Without including any pictures, reproduce all the lines below word for word.

● **Dataset excerpts**

BEGIN

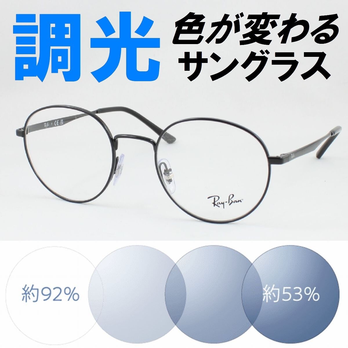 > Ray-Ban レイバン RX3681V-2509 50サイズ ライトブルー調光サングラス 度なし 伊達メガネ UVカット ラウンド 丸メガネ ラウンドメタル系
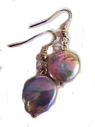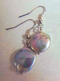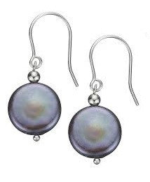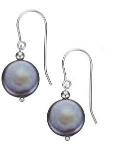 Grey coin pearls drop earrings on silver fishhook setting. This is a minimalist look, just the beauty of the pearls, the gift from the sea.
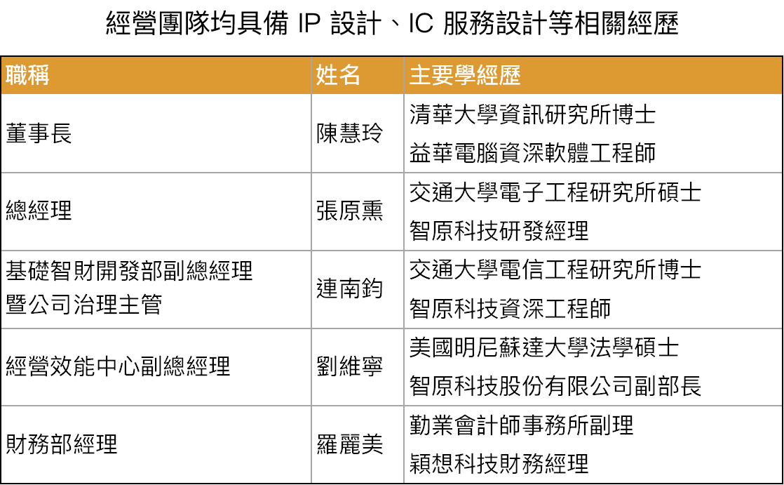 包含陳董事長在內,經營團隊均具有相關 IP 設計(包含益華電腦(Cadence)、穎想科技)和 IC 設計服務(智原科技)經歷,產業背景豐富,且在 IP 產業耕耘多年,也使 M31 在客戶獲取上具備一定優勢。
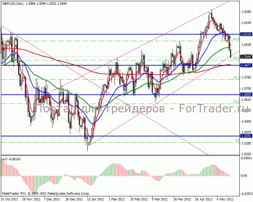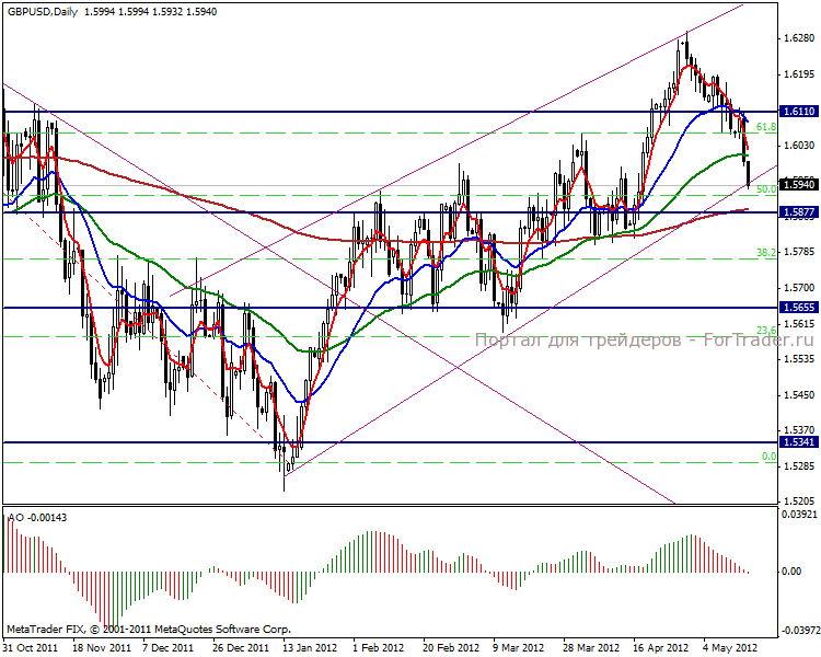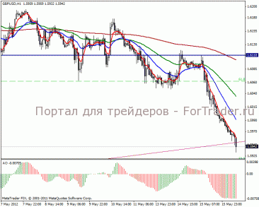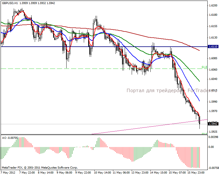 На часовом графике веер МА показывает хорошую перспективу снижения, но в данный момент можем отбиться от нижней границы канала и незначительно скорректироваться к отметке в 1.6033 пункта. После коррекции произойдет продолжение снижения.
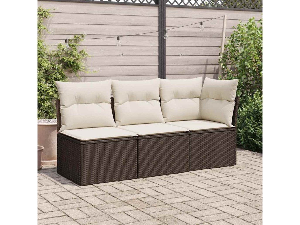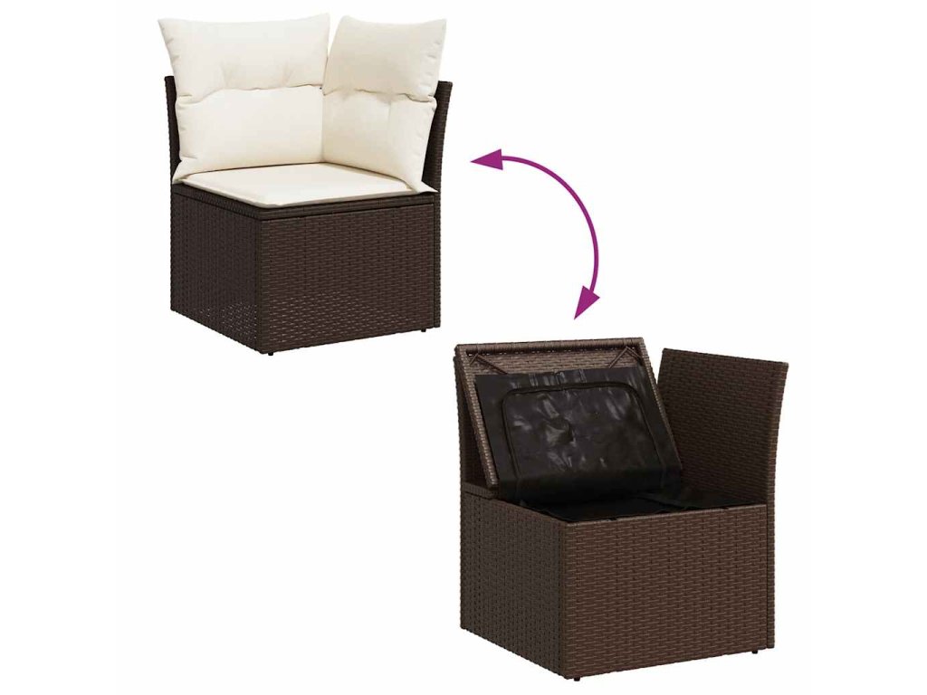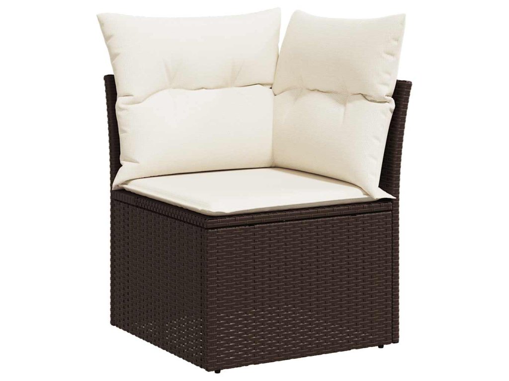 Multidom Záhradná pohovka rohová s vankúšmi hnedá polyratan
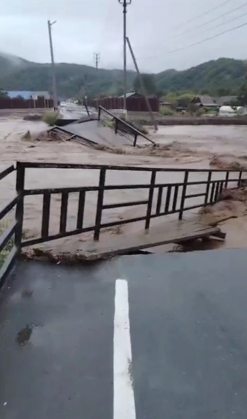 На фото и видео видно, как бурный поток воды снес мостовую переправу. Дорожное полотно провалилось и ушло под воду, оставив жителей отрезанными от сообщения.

END

● **Task result**
 > Ray-Ban レイバン RX3681V-2509 50サイズ ライトブルー調光サングラス 度なし 伊達メガネ UVカット ラウンド 丸メガネ ラウンドメタル系
 Grey coin pearls drop earrings on silver fishhook setting. This is a minimalist look, just the beauty of the pearls, the gift from the sea.
 包含陳董事長在內,經營團隊均具有相關 IP 設計(包含益華電腦(Cadence)、穎想科技)和 IC 設計服務(智原科技)經歷,產業背景豐富,且在 IP 產業耕耘多年,也使 M31 在客戶獲取上具備一定優勢。
 На часовом графике веер МА показывает хорошую перспективу снижения, но в данный момент можем отбиться от нижней границы канала и незначительно скорректироваться к отметке в 1.6033 пункта. После коррекции произойдет продолжение снижения.
 Multidom Záhradná pohovka rohová s vankúšmi hnedá polyratan
 На фото и видео видно, как бурный поток воды снес мостовую переправу. Дорожное полотно провалилось и ушло под воду, оставив жителей отрезанными от сообщения.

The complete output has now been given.